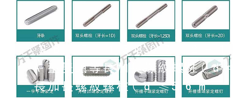 1.一般來說,GB/T 901 和GB/T 953 是等長雙頭螺柱的標準,里面規定了各型號螺柱公稱長度l 相對應的螺紋段標準和加長長度b,當選用的l-2b≤0時,就是全螺紋螺柱了 2.另外,其實全螺紋螺柱這個定義主要在HG20592鋼制管 QJ 2741-1995 MJ螺紋1100MPa/235℃雙頭螺柱(bm=1.5d)QJ 2742-1995 MJ螺紋1100MPa/235℃雙頭螺柱(bm=2d)QJ 2743-1995 MJ螺紋1100MPa/235℃等長雙頭螺柱 QJ 2389-1992 等長雙頭螺柱 JG/T 5057.9-1995 建筑機械與設備
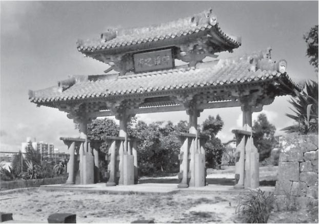 Foto 7: Shurei-no-Mon, das aus dem 15. Jahrhundert stammende Portal zum alten Palast von Naha auf Okinawa. Durch die in der Nachbarschaft von Naha gelegene chinesische Kolonie Kumemura erhielten Mitglieder der okinawanischen Kriegerelite Kenntnis von verschiedenen Shaolin-Kampfkunsttechniken.
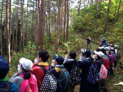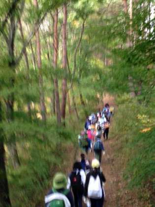ハイキング。清々しい風と木漏れ日。クラス全員で声を合わせて本物のやまびこもききました。
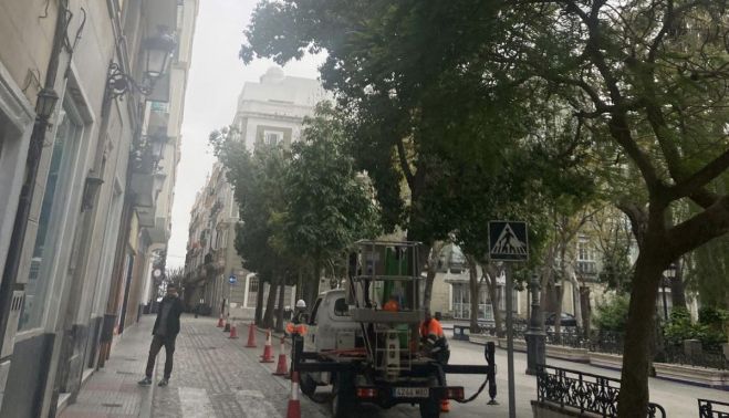 "Están podando los árboles en la plaza de Mina para evitar que los pasos se dañen con las ramas de los árboles. Nos parece muy grave que por una procesión que pasa por esa calle tengan que llevar a cabo esa poda al arbolado que está en pleno crecimiento". Son palabras del colectivo ecologista Agaden, que denuncia una poda que está siendo motivo de comentario en Cádiz.
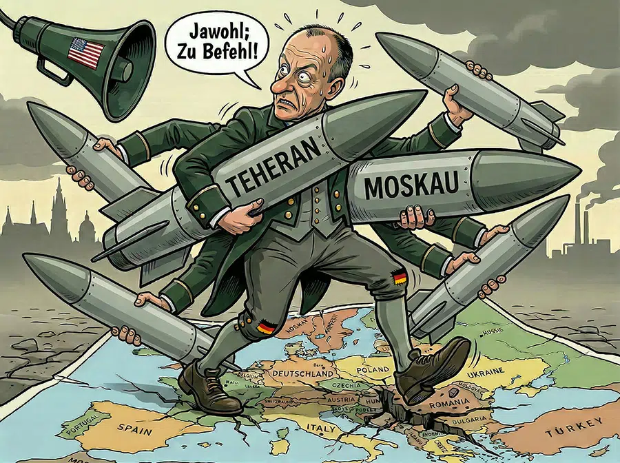 Unsere Gesellschaft nimmt all das überwiegend teilnahmslos hin, denn von einer großen Friedensbewegung mit relevanter Wirkung kann man nicht sprechen. Doch wer nun meint, mit Russophobie das sich zunehmend wieder ausbreitende aggressive deutsche Wesen ausreichend beschrieben zu haben, muss zunehmend feststellen, dass er nicht in dessen tieferliegende Schichten eingedrungen ist. Schon ein Blick auf die deutsche Haltung zum Krieg im Gaza verdeutlicht das, doch das deutsche Wesen hat inzwischen noch mehr zu bieten. Als Israel den Iran im vergangenen Jahr angriff, meinte Bundeskanzler Friedrich Merz am 17. Juni im ZDF:
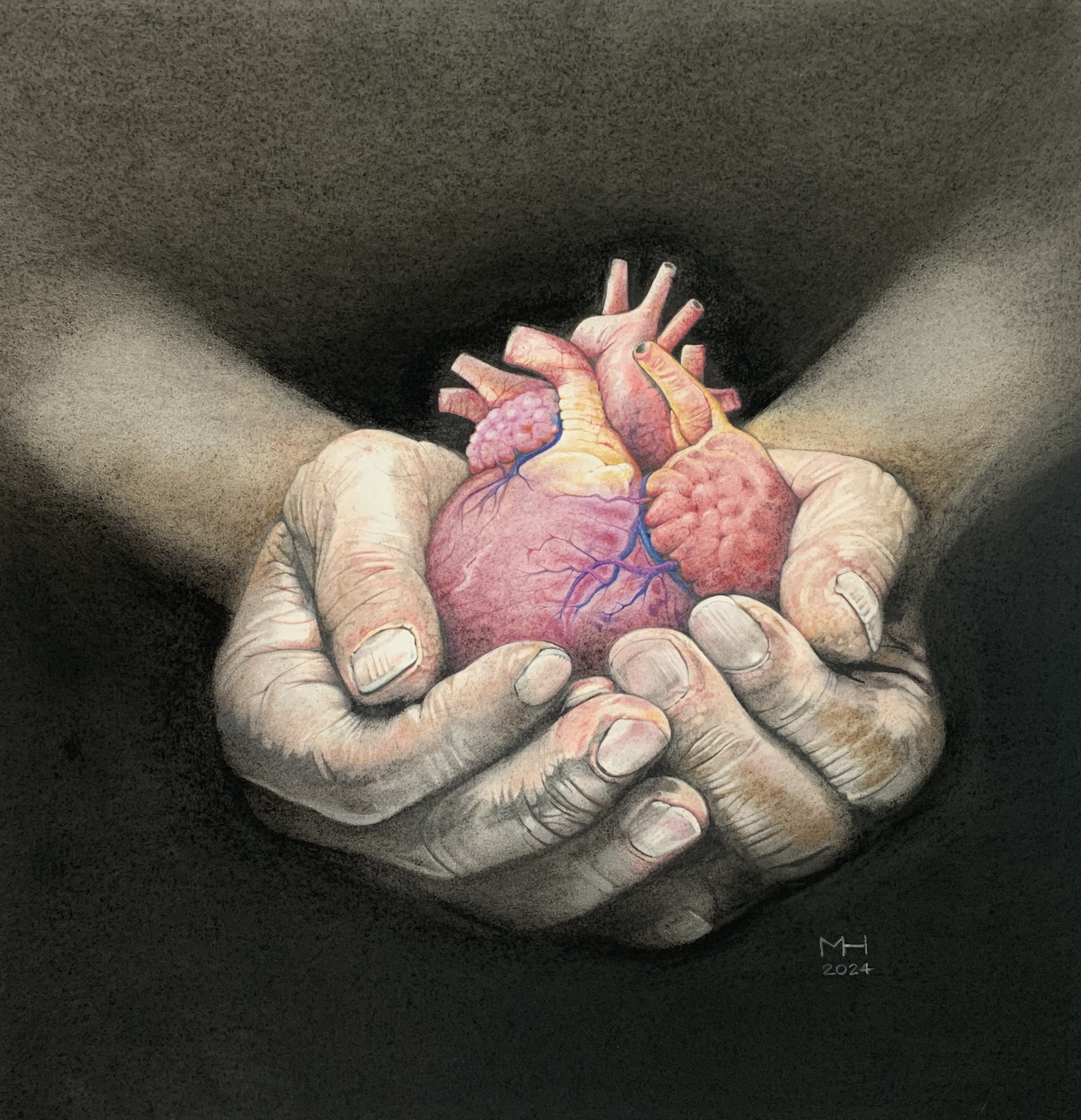 Kohle, Kreide und Farbstift - H 850 mm B 650 mm
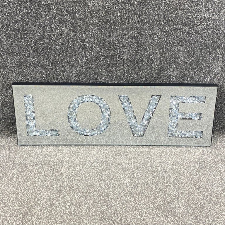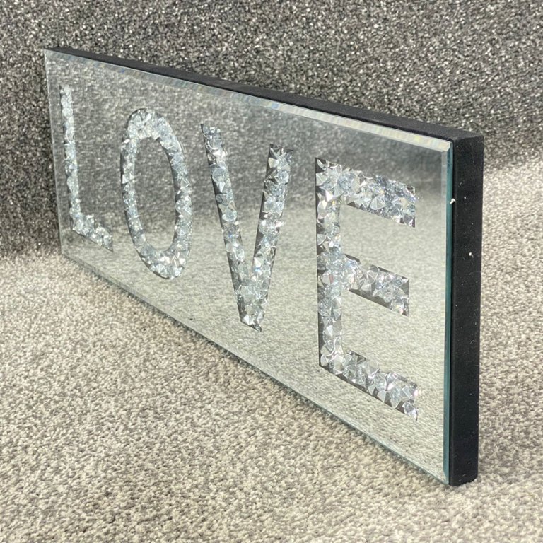A bevelled edge mirrored & trapped diamante 'Love' Sign. Approx 8" height, 24" width.
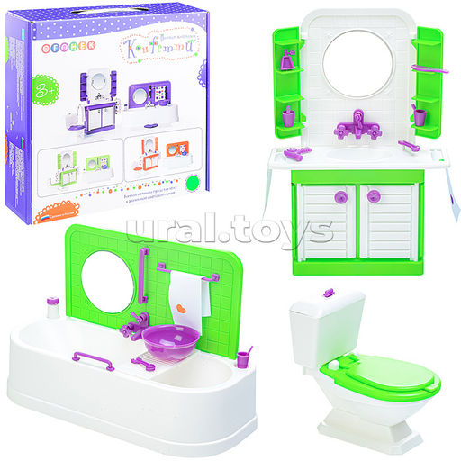 Набор мебели Ванная комната Конфетти помогает освоить новые модели поведения, привить ребёнку в игровой форме правила личной гигиены, научиться следить за порядком и чистотой, социально адаптироваться в обществе.
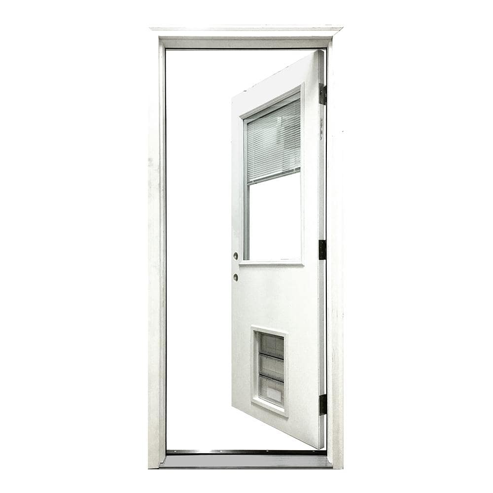 Steves & Sons 36 in. x 80 in. Reliant Series Clear Mini-Blind RHIS White Primed Fiberglass Prehung Front Door with Extra Large Pet Door
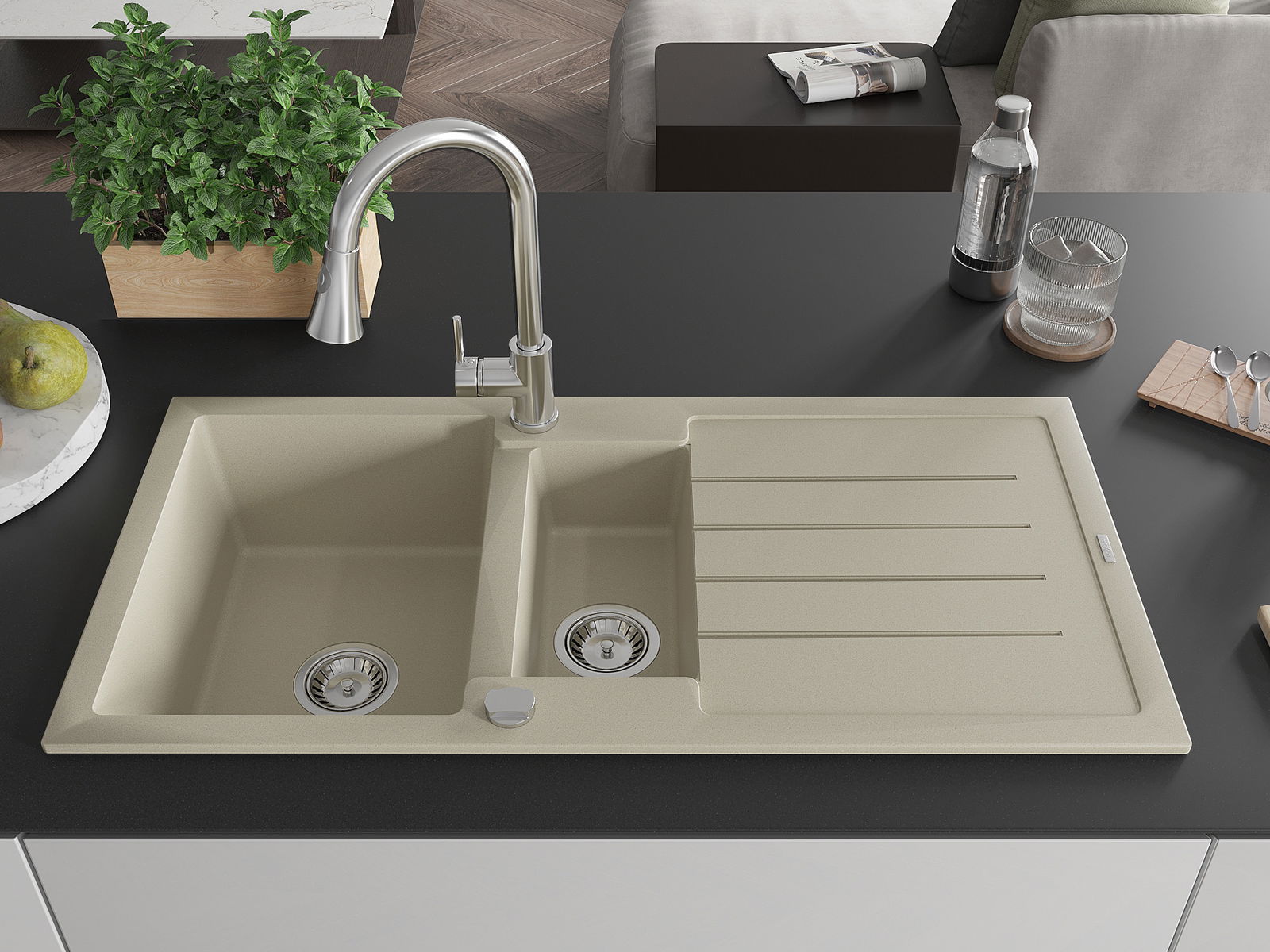 Mexen Andres 1,5-medencés gránit mosogató csepegtetővel és Elia konyhai csapteleppel, bézs - 6515-69-670101-00
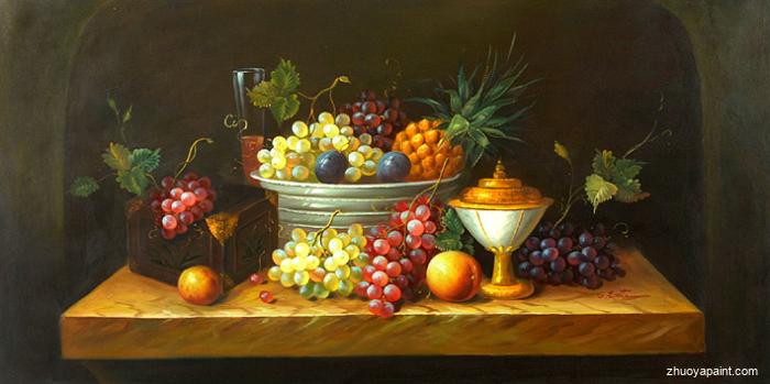 Beautiful grape and peach, brings you a feeling of fresh and make you enjoy the joy of harvest. This painting is suitable for dining room, restaurant, kitchen and other related places. The implied meaning is to encourage people to cherish food, love working and live independently. This fruit still life painting is hand painted with dark colors and strong brush strokes, the artist suggests that people should work in a down-to-earth way, face life with a peaceful mind, and gain harvest through hard work. When we enjoy this painting, we will get a power of justice, goodwill and happiness.
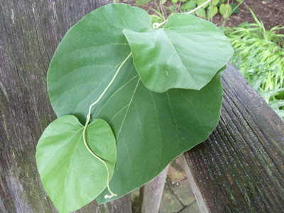 Two accessions are found on the arboretum grounds, Aristolochia macrophylla and Aristolochia tomentosa. The two species are very similar with the major difference being the fuzzy felt-like hairs that cover the leaves on A. tomentosa. This characteristic is especially noticeable on the new growth. Tomentose describes a plant surface covered with densely matted woolly hairs. The hairs are typically white or gray in coloration. Brushwood Nursery states that A. tomentosa tends to range farther into the Midwest and matures slightly smaller. Also, it tends to be more floriferous and bear slightly smaller leaves.
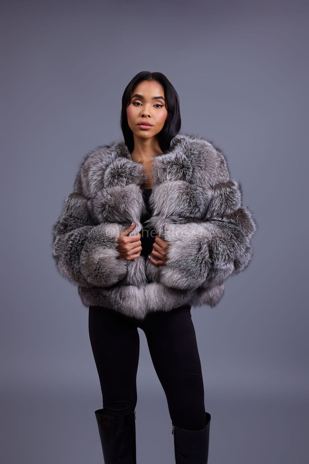 Women's Michelle Full Skin Mink Bomber Jacket [Black]

§ **Problem details**: Starting at the line above with "Kohle, Kreide und", output every line exactly up to and including the line with "Набор мебели Ванная", but none of the pictures.

§ **Solution below**:
 Kohle, Kreide und Farbstift - H 850 mm B 650 mm
A bevelled edge mirrored & trapped diamante 'Love' Sign. Approx 8" height, 24" width.
 Набор мебели Ванная комната Конфетти помогает освоить новые модели поведения, привить ребёнку в игровой форме правила личной гигиены, научиться следить за порядком и чистотой, социально адаптироваться в обществе.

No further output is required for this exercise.